"Where the devil would, I was! Will that suffice you? Ah, it was a vile action! A night to be remembered that was! Won't you be going? I want to trust my daughter with a commission."

"No, Mrs. Calvert, you and I part not till you have divulged that mystery to me."

"You must accompany me to the other world, then, for you shall not have it in this."

"If you refuse to answer me, I can have you before a tribunal, where you shall be sifted to the soul."

"Such miserable inanity! What care I for your threatenings of a tribunal? I who must soon stand before my last earthly one? What could the word of such a culprit avail? Or, if it could, where is the judge that could enforce it?"

"Did you not say that there was some mode of accommodating matters on that score?"

"Yes, I prayed you to grant me my life, which is in your power. The saving of it would not have cost you a plack, yet you refused to do it. The taking of it will cost you a great deal, and yet to that purpose you adhere. I can have no parley with such a spirit. I would not have my life in a present from its motions, nor would I exchange courtesies with its possessor."

"Indeed, Mrs. Calvert, since ever we met, I have been so busy thinking about who you might be that I know not what you have been proposing. I believe I meant to do what I could to save you. But, once for all, tell me everything that you know concerning that amiable young gentleman's death, and here is my hand there shall be nothing wanting that I can effect for you."

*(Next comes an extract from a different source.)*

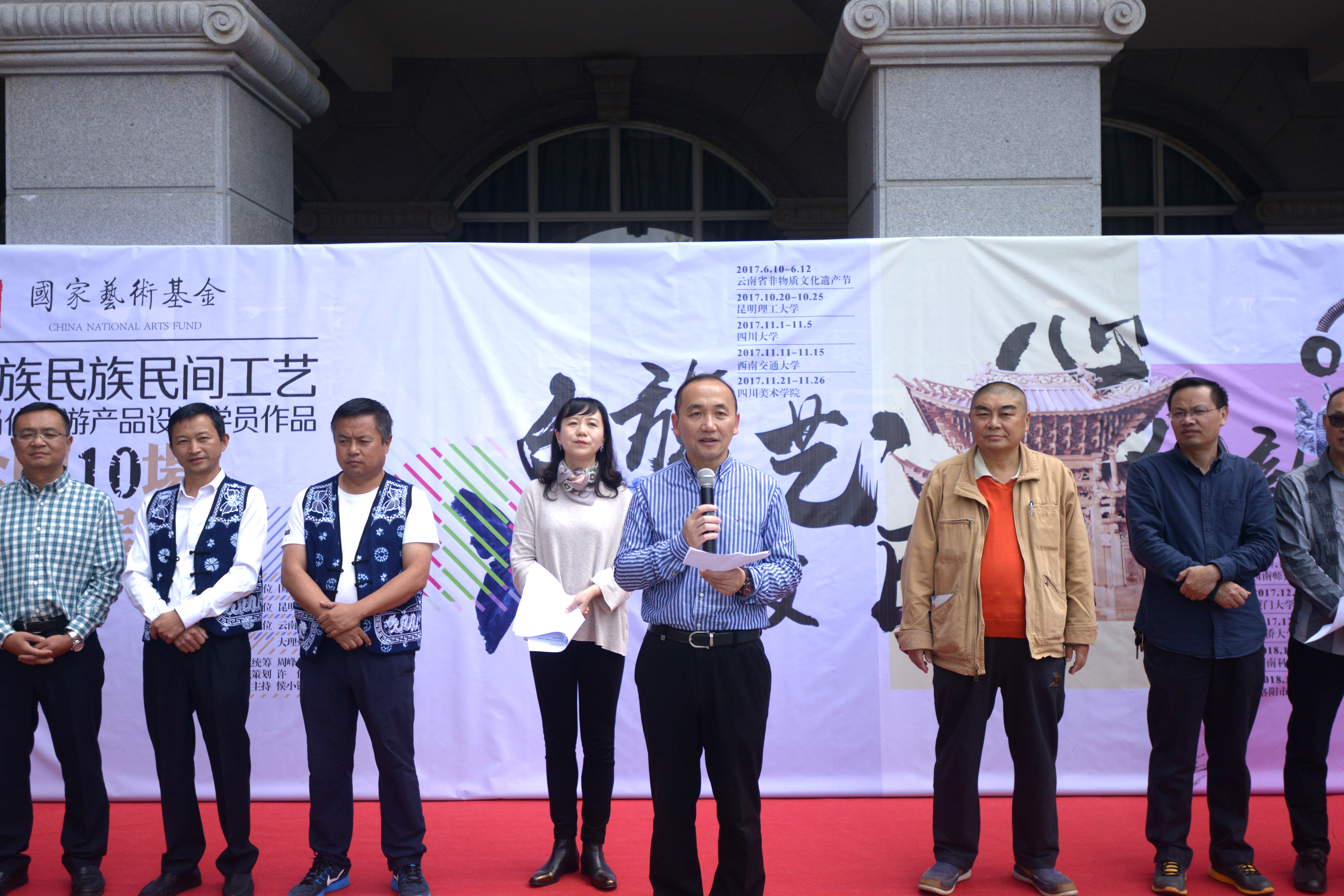 副校长周峰越宣布展览开幕并致辞。中国民族工艺美术大师、云南省非物质文化遗产代表性传承人段四兴先生和段树坤先生以及学校各职能部门领导应邀出席此次展览开幕。

"No I despise all barter with such mean and selfish curiosity; and, as I believe that passion is stronger with you, than fear with me, we part on equal terms. Do your worst; and my secret shall go to the gallows and the grave with me."

Mrs. Logan was now greatly confounded, and after proffering in vain to concede everything she could ask in exchange, for the particulars relating to the murder, she became the suppliant in her turn. But the unaccountable culprit, exulting in her advantage, laughed her to scorn; and finally, in a paroxysm of pride and impatience, called in the jailor and had her expelled, ordering him in her hearing not to grant her admittance a second time, on any pretence.